═════ DATA SECTION ═════

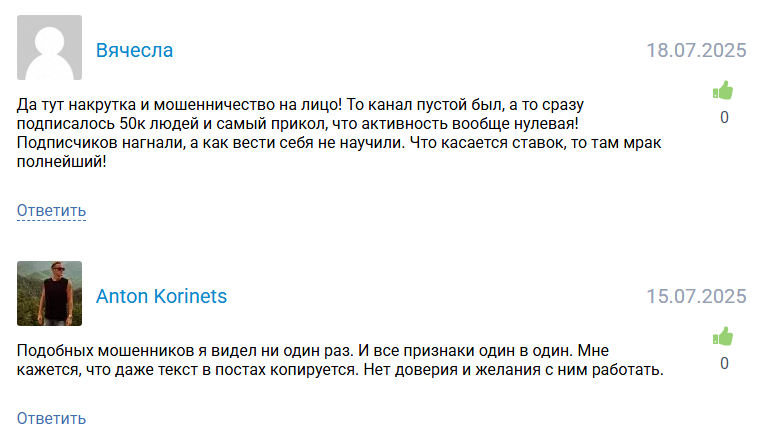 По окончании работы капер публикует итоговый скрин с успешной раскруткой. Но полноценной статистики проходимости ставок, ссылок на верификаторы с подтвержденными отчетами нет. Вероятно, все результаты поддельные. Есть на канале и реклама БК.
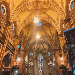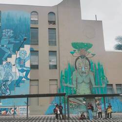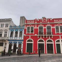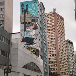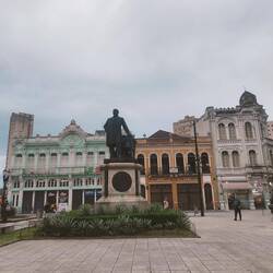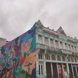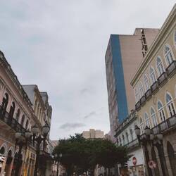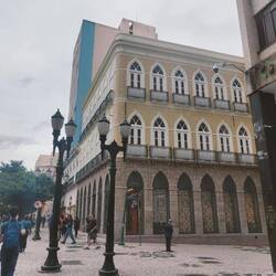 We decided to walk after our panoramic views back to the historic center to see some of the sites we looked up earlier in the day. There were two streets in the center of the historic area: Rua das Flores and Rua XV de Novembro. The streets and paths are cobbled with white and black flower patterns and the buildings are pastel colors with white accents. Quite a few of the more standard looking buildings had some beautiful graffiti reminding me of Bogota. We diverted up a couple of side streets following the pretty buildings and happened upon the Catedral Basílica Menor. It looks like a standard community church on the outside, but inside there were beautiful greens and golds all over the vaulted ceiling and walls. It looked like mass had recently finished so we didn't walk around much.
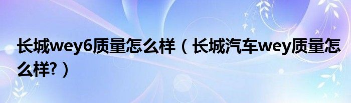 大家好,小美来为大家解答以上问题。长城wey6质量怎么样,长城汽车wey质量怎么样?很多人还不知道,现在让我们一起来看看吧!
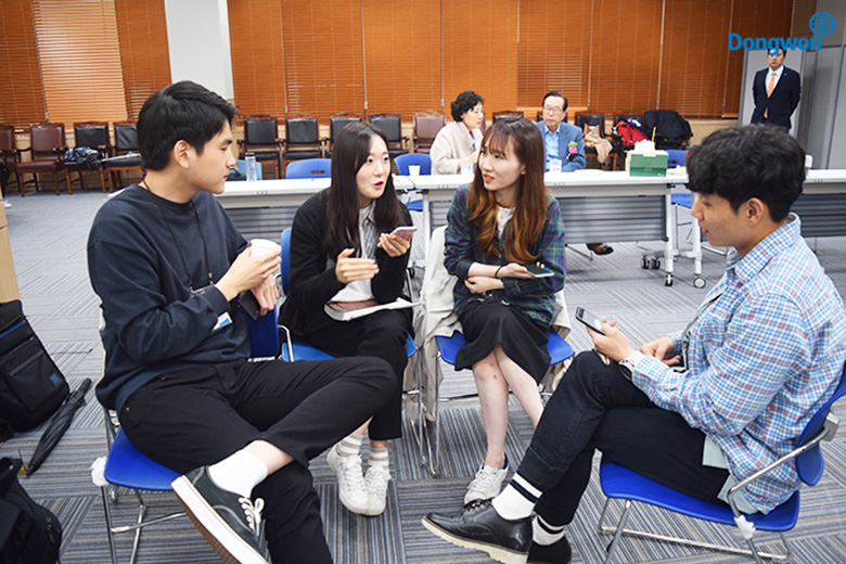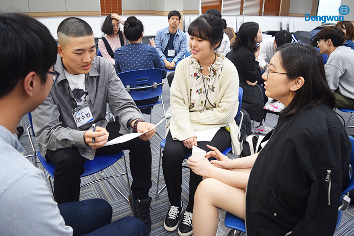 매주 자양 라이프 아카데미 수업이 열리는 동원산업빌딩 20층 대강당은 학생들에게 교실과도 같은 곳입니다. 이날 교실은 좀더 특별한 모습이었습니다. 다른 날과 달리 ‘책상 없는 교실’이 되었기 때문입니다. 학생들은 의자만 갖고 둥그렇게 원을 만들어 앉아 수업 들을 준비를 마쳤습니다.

═════

■ TASK STATEMENT
Pictures are not part of the copy; reproduce exactly and only the lines from the line containing "We decided to" through the end of the listing.

■ COMPLETED EXERCISE
 We decided to walk after our panoramic views back to the historic center to see some of the sites we looked up earlier in the day. There were two streets in the center of the historic area: Rua das Flores and Rua XV de Novembro. The streets and paths are cobbled with white and black flower patterns and the buildings are pastel colors with white accents. Quite a few of the more standard looking buildings had some beautiful graffiti reminding me of Bogota. We diverted up a couple of side streets following the pretty buildings and happened upon the Catedral Basílica Menor. It looks like a standard community church on the outside, but inside there were beautiful greens and golds all over the vaulted ceiling and walls. It looked like mass had recently finished so we didn't walk around much.
 大家好,小美来为大家解答以上问题。长城wey6质量怎么样,长城汽车wey质量怎么样?很多人还不知道,现在让我们一起来看看吧!
 매주 자양 라이프 아카데미 수업이 열리는 동원산업빌딩 20층 대강당은 학생들에게 교실과도 같은 곳입니다. 이날 교실은 좀더 특별한 모습이었습니다. 다른 날과 달리 ‘책상 없는 교실’이 되었기 때문입니다. 학생들은 의자만 갖고 둥그렇게 원을 만들어 앉아 수업 들을 준비를 마쳤습니다.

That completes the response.